Platform Engineering builds the core platforms, tooling, and paved roads that Bloomberg engineers rely on to ship reliable, secure, and high-performing systems at scale.
The AI App Enablement & Observability team accelerates how AI products are built across Bloomberg Industry Group. Our mission is to make AI systems reliable, performant, cost-efficient, and continuously improving through platform tooling, deep observability, and automated feedback loops.
We build developer-facing platforms and workflows that enable teams to experiment, deploy, and operate AI and agent-based systems with confidence. This includes LLM gateways, agent platforms, benchmarking systems, telemetry pipelines, and self-improving infrastructure that closes the loop between observability and action.

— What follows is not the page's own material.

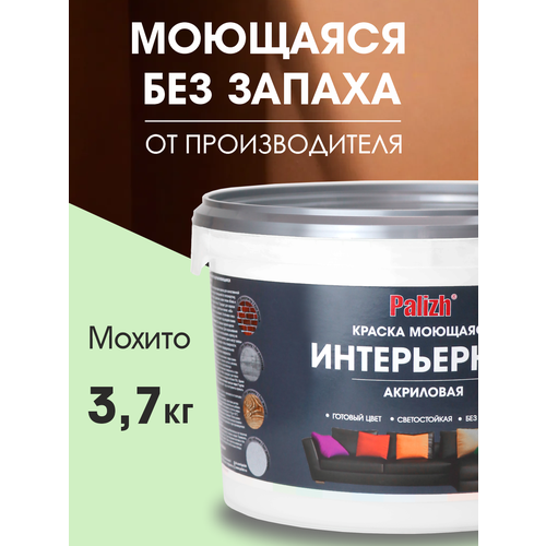 Краска акриловая интерьерная моющаяся цветная "Palizh" (3,7 кг), мохито

We emphasise strong developer experience, intuitive APIs/SDKs, and end-to-end ownership.
What’s in it for you?
You will help define how Bloomberg Industry Group builds and operates AI systems at scale by working on platforms that:
-
Accelerate AI product development through reusable tooling and paved roads
-
Provide end-to-end observability across AI systems (models, agents, pipelines, applications)
-
Enable self-improving systems through telemetry-driven feedback loops
-
Optimise cost, performance, and reliability of AI workloads
-
Support both production AI systems and internal engineering agents
You’ll collaborate across AI product, infrastructure, and platform teams to deliver foundational systems.
We’ll trust you to:
Platform & Enablement
-
Build and evolve AI platform tooling (e.g., developer workflows, benchmarking systems)
-
Design developer-friendly APIs, SDKs, and interfaces
-
Contribute to systems across the Model Development Lifecycle (experimentation, deployment, evaluation)
Observability & Telemetry
-
Build and operate observability platforms and telemetry pipelines (logs, metrics, traces, events)
-
Provide visibility into latency, token usage, cost, quality, drift, and reliability
-
Define instrumentation standards, schemas, and conventions
-
Implement distributed tracing using modern approaches (e.g., OpenTelemetry)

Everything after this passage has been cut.